花沅真的很是心疼,這樣獨自堅強的榮貴妃。
頓了頓,她圓潤白嫩的小臉,寫滿認真。
“娘娘,沅兒方才過來時,恰巧在大樹的石桌旁瞧見紀氏了,她正在給聖人喂水果!
哎呦喂,那個柔情似水,聖人居然還吃得不亦樂乎?!
看得沅兒都想吐呢!”
她一邊說,一面偷瞄榮貴妃的臉色,擔心未将生的鬥志給燃起來,反倒是将人給氣着。
榮貴妃面色平靜,不喜不悲,微微颔首,道“我知道,自從他繼承大統,就有無數世家貴女,打着爲奴爲婢的旗号,要照顧他。
其實,還不是想近水樓台先得月?
待本宮年老色衰,不,最好是直接去了,她們就能立刻享受這潑天的富貴。”
“娘娘!那紀氏,不是個極其單純的人,就是個極有心機之人。
她一個沒名沒分的宮女,居然敢仰仗着誕下皇子,就給聖人喂水果?
她一口口喂的那是水果嗎?
那是她日後在宮中的地位!
而且她被沅兒打擾後,也不動怒,是以,沅兒推斷那紀氏,定是後者。
娘娘待我視如己出,風頭無兩,那些人都等着欺在我的頭上,作威作福!”
花沅幼稚的小臉上憂心忡忡,緊緊擰着眉心。
她有些着急,難道這貴妃娘娘就不擔心她那花心的夫君,被人給勾走了?
榮貴妃溫柔撫着花沅的頭,淡淡道“屬于你的,沒人能拿走,能拿走的,皆不屬于你,有些事兒想不通,一生亦是禁锢。
經曆過,珍惜過,多好?”
哎呦,貴妃娘娘咋看得這麽開,這絕不是一般的心懷啊!
花沅打算引用曆史,說說男人的薄幸。
她仔細琢磨了一番,覺得要說個有名的。
她捋了捋舌頭,道“娘娘可記得王弗?蘇轼的結發之妻。
她對蘇轼關懷備至,二人情深意笃,恩愛有加,患難之交恩愛深。
但王弗與蘇轼琴瑟相和僅十年有一。
蘇轼在他去世後,次年作《亡妻王氏墓志銘》心中的确是沉痛。”
花沅墨玉葡萄似的眼眸,偷瞄着榮貴妃臉色。
頓了頓,繼續道“但與此同時,在王弗去逝,尚不到一年,蘇轼與王閏之的婚事便已定下,繼娶了王弗的堂妹王閏之。”
“嗯,不錯!沅兒兒都知道東坡居士的故事了。”榮貞兒莞爾。
花沅覺得自己和榮貴妃,完全不在一個頻率上。
但她依舊不死心的規勸,道“所以啊,娘娘!
您看看連東坡居士這樣文采、人品的人。
在悲痛寫下墓志銘後,還能安心的娶妻生子,有個村姑的親堂妹霸占着蘇貞兒的位子,接着又給蘇轼生了兩個兒子。
這讓剛剛過世的王弗與年僅六歲的蘇邁,情何以堪?”
“呵呵!惟有堂妹閏之作爲繼室,王弗所留下的六歲幼兒蘇邁,才會得到精心呵護。
書上記載,閏之對姐姐之子與自己後來所生的蘇迨、蘇過,‘三子如一’皆同己出,可見蘇轼繼室選的還可以。”

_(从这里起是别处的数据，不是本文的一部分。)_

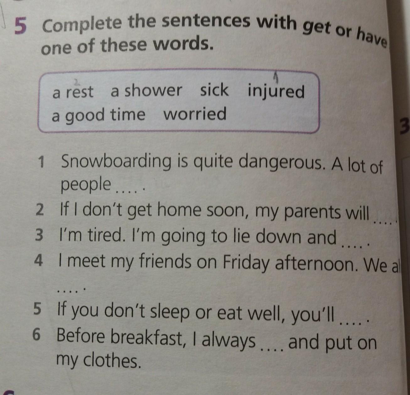 1 get injured 2 get worried 3 have a rest 4 have a good time 5 get sick 6 have a shower

榮貴妃瞧着女兒焦急的小臉,被那拼命想詞的小模樣,都給逗樂了。
花沅覺得自己快忽悠不下去。
誰說宮中女人頭發長見識短,隻懂得争風吃醋?
有如此博古通今的女子,她還能咋接着說?
她在心裏發了一痛牢騷,冷靜下來,決定從王潤之這個繼母下手。
“王閏之僅是炊茶采桑的村姑。蘇轼‘烏台詩案’被捕入獄,王閏之驚怖之下,将蘇轼的詩稿焚毀,那可是東坡居士的文章啊!

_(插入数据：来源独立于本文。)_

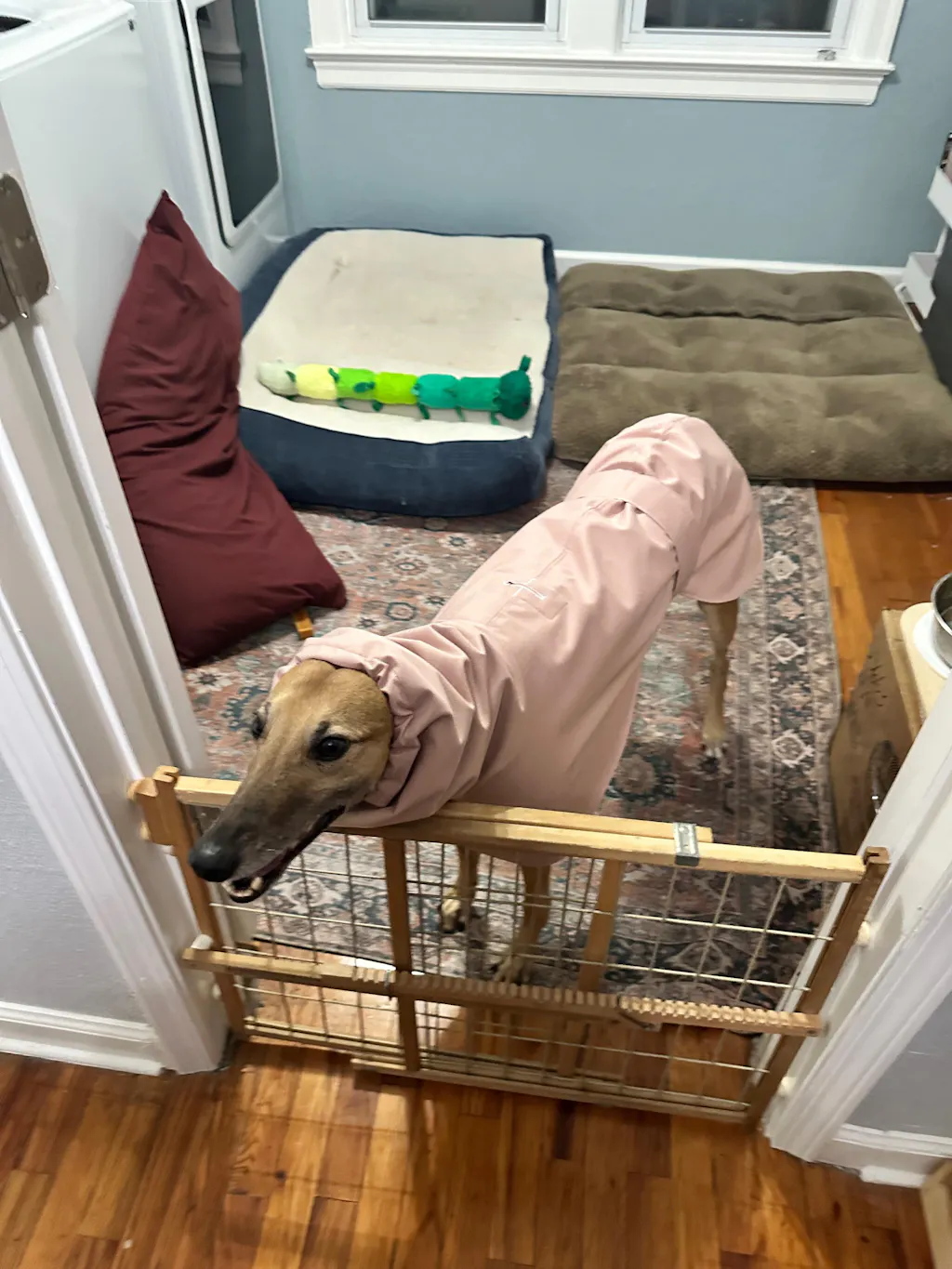 Have you and your Greyhound ever found yourselves waiting for the rain to pass before getting out? Then this is the coat for your four-legged best friend!

何等價值,何等珍貴,居然就這麽燒毀了,娶妻娶賢,僅憑這麽膽小的村姑又怎麽教出學富五車的娃兒?”
花沅打算接着從娃兒的教育與成長入手。
父母不是孩子的首任夫子嗎?
那一位才情橫溢的王弗,同一個炊茶采桑的村姑,對娃兒的啓蒙教育能一樣嗎?
花沅瞅着榮貴妃陷入沉思,再接再厲,道“娘娘,那蘇邁真的重新有了和諧、美滿的家庭嗎?
倘若是自己的親生母親,還會說三子如一,皆同己出?
那對于根本就是自己親生的,又談何視同己出呢?
沒有任何人能夠代替,母親給娃兒純正無私的母愛和關心。”
花沅深深認識到,她必須把事情說的嚴重些,才能留住貴妃娘娘求生的意志。
榮貞兒依舊笑的淡淡,緩緩道“沅兒的意思,我懂了。
不過是舍不得我離開罷了!
你說的事兒有的對,有的連爲娘娘都要替王閏之抱屈了,不過,沅兒能小小年紀就有主見,我很欣慰!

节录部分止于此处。